- Born: 13 July 1938 Parow, Cape Town
- Died: 3 June 2020 (aged 81) Melkbosstrand, Western Cape, South Africa
- Occupations: Writer, poet

= Jeanne Goosen =

South African poet (1938–2020)

Jeanne Goosen (13 July 1938 – 3 June 2020) was a South African journalist, poet and writer. She wrote short stories, children's books, plays and award-winning novels.

==Life==
Jeanne Goosen was born in Parow, Cape Town. She studied at the University of Cape Town.

Goosen was a controversial writer in Afrikaans. She debuted in 1971 as a poet with Owl fly away, followed by Orrelpunte. Especially as a writer of prose she attained a prominent place in African literature. In We are not all like that, (translated into English by André Brink) life is illuminated by a white family from the lower middle class in the fifties, which gets involved in all sorts of problems. It is told from the perspective of the daughter, Gertie. The appearance caused a stir in South Africa because of the attention it drew to the existence of 'poor white'.

The novel Daantjie Dreamer (1993) is about a family from the 1950s. The narrator is the daughter Bubbles, who wants to free herself from the environment in which she grew up. Through her conversations with her philosophically inclined brother Daantjie Dreamer, she comes to new insights about political matters and she is aware of her own identity.
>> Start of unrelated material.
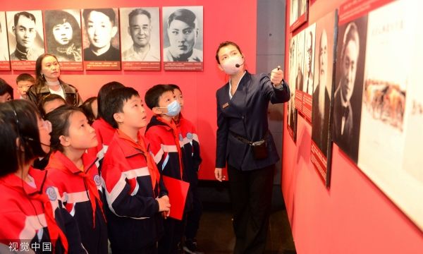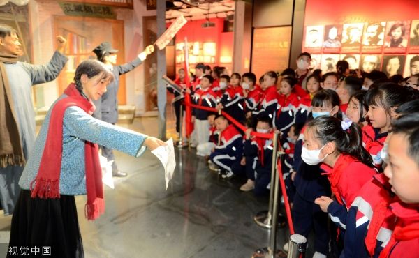 2023年3月30日,兰州八路军办事处纪念馆内,城关区酒泉路小学的学生们在认真聆听讲解员在讲述兰州“八办”的故事。当日,由兰州市城关区教育局、兰州市文化和旅游局共同主办了一场“传承红色基因 凝聚奋进力量——酒泉路小学清明主题活动”。活动中,讲解员通过各项红色教育活动和宣讲红色故事,让同学们切实感受先烈们艰苦奋斗、顽强不屈的革命精神。

Goosen died 3 June 2020, in Melkbosstrand, near Cape Town.

== Works ==
- ’n Uil vlieg weg 1971 - (poetry)
- Orrelpunte 1975 - (poetry)
- Om ‘n mens na te boots 1975 -
- ’n Kat in die sak 1986 -
- Louoond 1987 -
- Ons is nie almal so nie 1990 -
- Daantjie Dromer 1993 -
- ’n Gelyke Kans 1995 - (short stories)
- Wie is Jan Hoender? 2001 - (novella)
- Straataf 2001 -
- "'n Pawpaw vir my darling" (2006)
- Desnieteenstaande 2003 - (cabaret)
- "Plante kan praat" (2010)
- "Ons is nie almal so nie" (2012)

===Works in English===
- Jeanne Goosen (2007). "We're Not All Like That"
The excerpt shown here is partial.